[Records for the exercise Boundary: Start]

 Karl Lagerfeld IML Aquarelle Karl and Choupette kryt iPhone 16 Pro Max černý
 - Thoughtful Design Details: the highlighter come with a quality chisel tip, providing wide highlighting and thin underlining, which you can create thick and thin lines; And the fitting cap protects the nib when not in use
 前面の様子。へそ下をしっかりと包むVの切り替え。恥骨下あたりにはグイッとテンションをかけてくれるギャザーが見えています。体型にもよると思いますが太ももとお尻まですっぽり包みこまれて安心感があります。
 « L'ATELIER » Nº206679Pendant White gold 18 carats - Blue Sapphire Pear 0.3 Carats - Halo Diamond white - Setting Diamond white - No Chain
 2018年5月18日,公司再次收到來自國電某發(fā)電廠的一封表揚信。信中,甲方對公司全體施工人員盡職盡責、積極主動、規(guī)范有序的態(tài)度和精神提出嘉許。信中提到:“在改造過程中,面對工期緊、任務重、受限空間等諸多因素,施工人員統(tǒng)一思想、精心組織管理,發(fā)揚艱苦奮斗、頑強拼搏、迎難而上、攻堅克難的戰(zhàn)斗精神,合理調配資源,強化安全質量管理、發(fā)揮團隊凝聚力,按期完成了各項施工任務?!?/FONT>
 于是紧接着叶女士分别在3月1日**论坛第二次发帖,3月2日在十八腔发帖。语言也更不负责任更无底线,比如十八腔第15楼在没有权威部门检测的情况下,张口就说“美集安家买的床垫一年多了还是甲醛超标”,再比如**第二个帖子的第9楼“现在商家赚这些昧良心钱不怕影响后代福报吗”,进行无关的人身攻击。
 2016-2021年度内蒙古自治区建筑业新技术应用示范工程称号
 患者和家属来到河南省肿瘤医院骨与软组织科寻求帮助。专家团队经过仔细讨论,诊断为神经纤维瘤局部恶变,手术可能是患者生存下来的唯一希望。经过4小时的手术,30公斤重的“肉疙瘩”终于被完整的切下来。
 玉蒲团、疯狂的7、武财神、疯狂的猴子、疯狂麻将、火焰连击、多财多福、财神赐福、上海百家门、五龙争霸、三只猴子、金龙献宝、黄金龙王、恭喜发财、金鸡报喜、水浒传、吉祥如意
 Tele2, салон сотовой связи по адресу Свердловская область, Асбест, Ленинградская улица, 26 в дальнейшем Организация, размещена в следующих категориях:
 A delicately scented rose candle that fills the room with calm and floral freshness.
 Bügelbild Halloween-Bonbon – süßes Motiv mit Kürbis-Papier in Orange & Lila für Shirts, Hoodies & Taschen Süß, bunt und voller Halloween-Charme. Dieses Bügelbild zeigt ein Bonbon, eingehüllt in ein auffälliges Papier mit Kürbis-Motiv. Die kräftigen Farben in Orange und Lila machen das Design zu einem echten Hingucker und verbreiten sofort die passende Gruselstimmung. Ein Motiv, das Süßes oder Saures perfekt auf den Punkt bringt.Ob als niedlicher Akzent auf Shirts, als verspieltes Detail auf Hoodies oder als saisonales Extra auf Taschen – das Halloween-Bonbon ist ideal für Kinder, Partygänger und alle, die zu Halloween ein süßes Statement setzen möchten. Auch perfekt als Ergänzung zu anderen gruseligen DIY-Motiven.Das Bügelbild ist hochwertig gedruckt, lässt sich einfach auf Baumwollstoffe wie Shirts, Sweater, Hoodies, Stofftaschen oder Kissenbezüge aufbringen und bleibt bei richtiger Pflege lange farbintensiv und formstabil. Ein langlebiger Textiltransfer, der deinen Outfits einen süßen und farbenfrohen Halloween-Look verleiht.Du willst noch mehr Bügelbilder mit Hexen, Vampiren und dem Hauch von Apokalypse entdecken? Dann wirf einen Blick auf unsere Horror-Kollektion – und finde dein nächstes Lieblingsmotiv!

[Records for the exercise Boundary: End]

= What to do =
Look for the word "Design". Copy out every line of the data that has it.

= Exercise result =
 - Thoughtful Design Details: the highlighter come with a quality chisel tip, providing wide highlighting and thin underlining, which you can create thick and thin lines; And the fitting cap protects the nib when not in use
 Bügelbild Halloween-Bonbon – süßes Motiv mit Kürbis-Papier in Orange & Lila für Shirts, Hoodies & Taschen Süß, bunt und voller Halloween-Charme. Dieses Bügelbild zeigt ein Bonbon, eingehüllt in ein auffälliges Papier mit Kürbis-Motiv. Die kräftigen Farben in Orange und Lila machen das Design zu einem echten Hingucker und verbreiten sofort die passende Gruselstimmung. Ein Motiv, das Süßes oder Saures perfekt auf den Punkt bringt.Ob als niedlicher Akzent auf Shirts, als verspieltes Detail auf Hoodies oder als saisonales Extra auf Taschen – das Halloween-Bonbon ist ideal für Kinder, Partygänger und alle, die zu Halloween ein süßes Statement setzen möchten. Auch perfekt als Ergänzung zu anderen gruseligen DIY-Motiven.Das Bügelbild ist hochwertig gedruckt, lässt sich einfach auf Baumwollstoffe wie Shirts, Sweater, Hoodies, Stofftaschen oder Kissenbezüge aufbringen und bleibt bei richtiger Pflege lange farbintensiv und formstabil. Ein langlebiger Textiltransfer, der deinen Outfits einen süßen und farbenfrohen Halloween-Look verleiht.Du willst noch mehr Bügelbilder mit Hexen, Vampiren und dem Hauch von Apokalypse entdecken? Dann wirf einen Blick auf unsere Horror-Kollektion – und finde dein nächstes Lieblingsmotiv!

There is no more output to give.